ABSTRACT
Current evidence indicates that the next-generation probiotic Akkermansia muciniphila (A. muciniphila) has therapeutic potential for nonalcoholic fatty liver disease (NAFLD), especially its inflammatory stage known as nonalcoholic steatohepatitis (NASH). However, the mechanisms of A. muciniphila in NASH prevention remain unknown. Here, A. muciniphila supplementation prevented hepatic inflammation in high-fat diet-induced NASH mice, characterized by reduced hepatic proinflammatory macrophages (M1) and γδT and γδT17 cells. Consistently, hepatic M1 and γδT cells were enriched in biopsy-proven NASH patients and high-fat/high-carbohydrate diet-induced NASH mice. Antibiotics reduced hepatic M1, γδT and γδT17 cells in NASH mice. Furthermore, A. muciniphila inhibited intestinal barrier disruption and accordingly downregulated hepatic Toll-like receptor 2 (TLR2) expression in NASH mice. The activation of TLR2 by lipoteichoic acid enriched hepatic γδT17 cells (not M1) in normal diet-fed mice and neutralized the γδT cell-lowering and liver inflammation-protecting effects of A. muciniphila in NASH mice. Additionally, activated γδT cells could promote macrophage polarization via IL−17. Our study first supported that A. muciniphila prevented NASH by modulating TLR2-activated γδT17 cells and further macrophage polarization, facilitating clinical therapeutic applications.
Acknowledgments
We thank Mr. Lizong Zhang (Zhejiang Chinese Medical University) for support in animal experiment.
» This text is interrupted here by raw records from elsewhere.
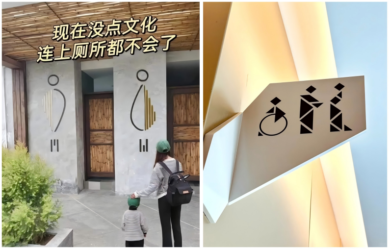 大家都可以玩兒抽象,但也不能太抽象。比如長(zhǎng)期被大家吐槽的“上廁所之前要做個(gè)閱讀理解”的男女衛(wèi)生間抽象標(biāo)識(shí),難免讓消費(fèi)者感覺設(shè)計(jì)師有些“自嗨”,而并未滿足洗手間應(yīng)便于尋找的基礎(chǔ)功能需求。
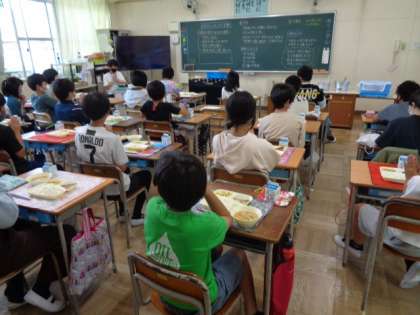 今日の「えんどうの卵とじ」のえんどうは、給食室で、さやから豆を取り出して調理しています。
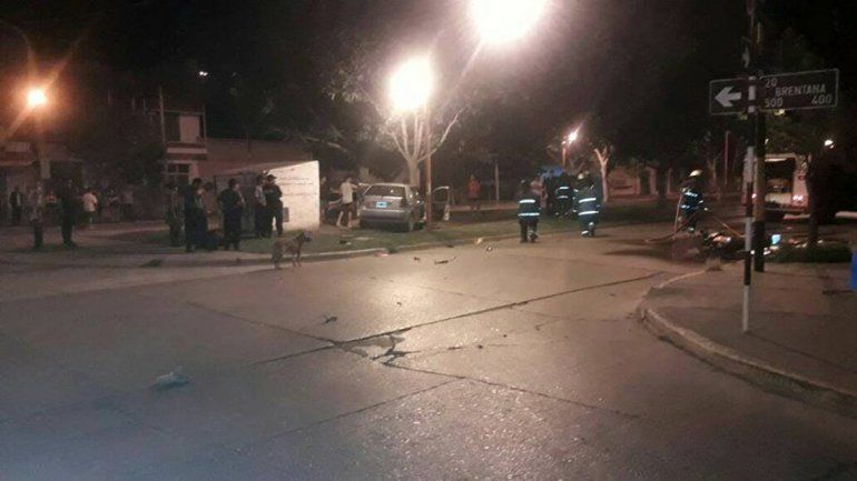 Por el fuerte impacto el auto se subió arriba de la plazoleta "Ciudad de Santa Rosa" y terminó chocando contra un árbol, pero la parte más grave se la llevaron los pasajeros de la moto. Ambos volaron varios metros y uno de ellos, un pibe de 25 años que iba manejando, murió de forma instantánea por los fuertes golpes.
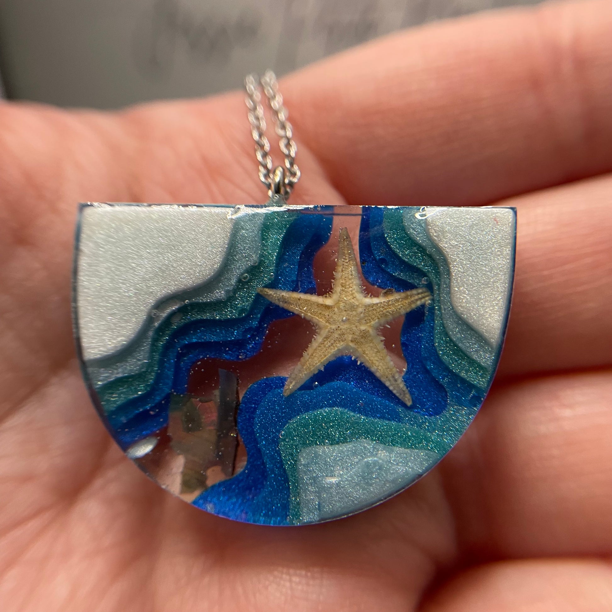 - Matériau : Fabriqué à partir de résine de haute qualité, de poudre de mica et d'éléments naturels d'étoiles de mer et de coquillages, le pendentif est durable et magnifiquement détaillé.

This study was supported by National Natural Science Foundation of China (No. 82170668, 81790633), Sino-German Center for Research Promotion (No.GZ1546), and CAMS Innovation Fund for Medical Sciences (No. 2019-I2M-5-045). The work was approved by Clinical research Ethics Committee of the First Affiliated Hospital, College of Medicine, Zhejiang University (reference number: 2020-601) and Care and Use of Laboratory Animals and approved by the Ethics Committee of the First Affiliated Hospital, College of Medicine, Zhejiang University (reference number: 2020-848).
Disclosure statement
No potential conflict of interest was reported by the author(s).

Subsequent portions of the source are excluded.